In Washington, Pa., the Whiskey Rebellion Festival revives history while celebrating its impact on the present.
Photo by Archie Carpenter
This month, you’ll find a parade of musket-wielding men in Revolutionary garb on Main Street in Washington, Pa. As part of the annual Whiskey Rebellion Festival, they’ll alternate with typical small-town participants: scout troops, a marching band . . . and maybe a few folks portraying 18th-century farmers. Eventually, shouts will flood the street: “No whiskey tax!” “Join the Rebellion!” And then the finale: the tar-and-feathering of a tax collector.
If you think whiskey is near and dear to our hearts today, you should consider events from local history to understand why that’s so: In the early 1790s, frontier Pennsylvania farmers traded largely in whiskey made from excess rye. Whiskey almost was as precious as money itself. (Yes, some of us still feel that way.) In 1791, Treasury Secretary Alexander Hamilton decided to levy an excise tax on whiskey, and the western Pennsylvanian frontiersmen were not happy. In 1794, they organized, armed and resisted. They broke into the tax inspector’s home and tarred and feathered him. Most importantly, they represented a very real test to the authority of our young government.
The Whiskey Rebellion begins as an almost-charming tale of resistance, but — as is the case with many such stories — it did not end with glory. Rather, it concluded with what many would call total government overreaction.
After the failure of negotiations, President George Washington not only ordered in the militia but also led the charge himself. By the time the troops got to western Pennsylvania, the rebels had disbanded and the militia turned around. In the end, everyone paid their taxes.
The Whiskey Rebellion is remembered as American history’s first example of the government turning the military against its citizens. Its significance to the nation is huge, and crucial moments of that rebellion happened within the same block as the Whiskey Rebellion Festival grounds. So if you’re not into parades or historical re-enactments, take a quick walk to check out the historic houses and sites that are open in conjunction with the festival. You also can catch complimentary bus service to the Frontier History Center in Washington Park, a work-in-progress recreation of a fort site.
At the central festival, the grounds are full of another kind of history: people whose vocations are rooted in historical skills.
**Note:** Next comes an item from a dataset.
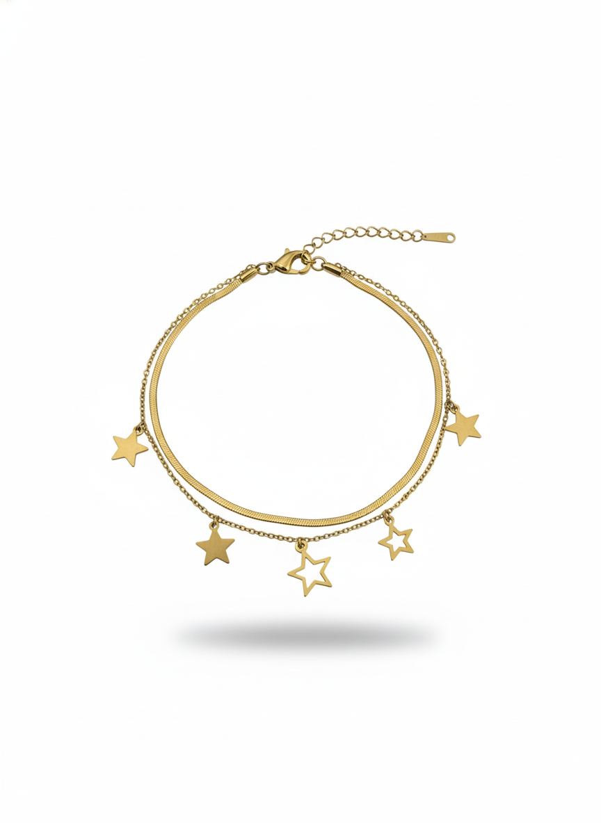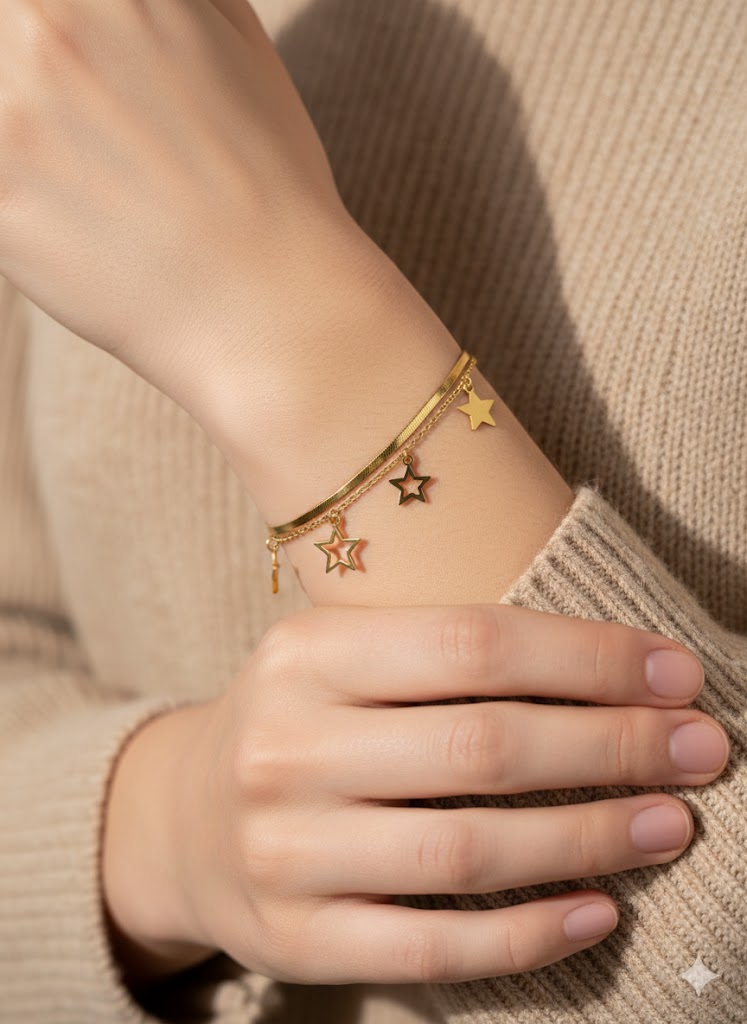 Reach for the stars with the Nayraah Star Charm Layered Bracelet, a masterpiece of contemporary jewelry design. This bracelet perfectly captures the “layered look” in one easy-to-wear piece, combining two distinct textures to create a sophisticated, multidimensional style.

At the arts and crafts tent, look for the goods of blacksmiths, knife makers, woodworkers or basket weavers. Saturday is filled with folk, Americana and bluegrass music. In the evening, the festival turns into a party and concert, with New York folk/country act the Felice Brothers headlining. At festival’s end, everyone gathers for a friendly fireworks display.
According to J.R. Shaw, one of three festival organizers, “It’s a celebration of the heritage of the area . . . It’s Main Street, it’s Americana, it’s heritage and it’s a summer festival. It has a little bit of everything for everyone.”
It’s as much about celebrating the region as it is about the rebellion, and that calls for a glass of rye.